Ou quando é preciso morrer para sobreviver.


É preciso viver para começar a morrer. É preciso viver para começar a entender sobre a morte. Eu estou caminhando. Rumo ao morrer. Caminhando rumo ao entender. Acredito, eu sei, que algo sobre isso tudo só entenderei quando morrer. E alguns, eu mesmo diria, poderão dizer, aí então será tarde para entender. Mas, não. Eu devo, agora, dizer. Não há tarde, não há depois ou antes, há somente agora. Presente. O passado morreu, o futuro nunca será. Há esse momento do agora para nele ir me perder, encontrar. Independe. In presente. A lucidez vem a galope porque é preciso estar no presente. É preciso estar. O mundo não dá voltas à toa. Ele dá voltas para perder e encontrar. Para virar noite e dia. Para sofrer e chorar. Perdão. São duplos. São trios. Eu não saberia medir a precisão que me inunda neste segundo. Quando as mãos tremem e o doce desce o corpo inundando-me de salvação e morte.

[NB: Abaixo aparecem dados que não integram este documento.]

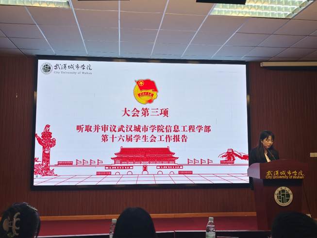 大会第三项,第十六届分团委学生副书记陈思睿作第十六届学生会工作报告。她从思想引领、团队建设、校园活动、权益服务、志愿服务五个方面梳理过去工作。

Não sei porque fui ler coisas antigas. Mas se o mundo dá voltas, e só, dá voltas. Acabei me sentindo impelido, sem pensar nisso, a dar voltas também e voltar. E olhar com delicadeza o que já foi e nunca será. Exceto agora, quando redescubro o passado e confiro a ele a cor madura desse instante. A cor do despetalar. A cor do pêssego ferido, mas gostoso, pela mordida.


São dois casos. Dois sexos. Dois amores. Dois ódios. Dois nomes. Duas inversões. Tento não dar valor a um. Dou somente valor ao outro. Faço descaso de um. E o outro faz então sentido, causa-me sentido, sensório, sensação. Não é tão complexo assim. Eu disse. São dois nomes. Pas-de-deux. Não há paz. Sem terror. Não há vida sem corte. Ou seria, não há morte sem sangue.


Todo esse jogo de palavras é para tentar lançar adiante, avant-garde, a proliferação de sensações (por que o medo de escrever sentidos?) que vocês dois fizeram em mim tendo em vista – custo – a própria pele queimada, a própria face machucada, a próprio amor consumido. Deu-me vontade, neste instante, como tudo agora toma sentido, de enviar a vocês esses pedaços. De calçar uma meia e dormir descalço. De fumar um cigarro. E novamente ter que escovar os dentes.


O açúcar do leite condensado. A granola do cereal maltado. O leito já pelo estômago coagulado. Às 04h50min. Quando a lucidez bate no compasso do coração posto nos trilhos. Eu disse tudo o que preciso. Mas já não quero enviar. O nível de açúcar no sangue apenas pede a cama e a escuridão do quarto para receber o resto de insulina que dentro de mim percorre veias e vasos para, enfim, dentro das células entrarem e distribuir assim a vida pelo o que me mata.


Não é paradoxal. Mas o que é ser paradoxal? Você me fez estudar o clichê. O que é paradoxo? Absurdo. Contra-senso. Disparate. Contradição. Sinônimos são infelizes quando a felicidade é o silêncio. Estou inundado neste momento.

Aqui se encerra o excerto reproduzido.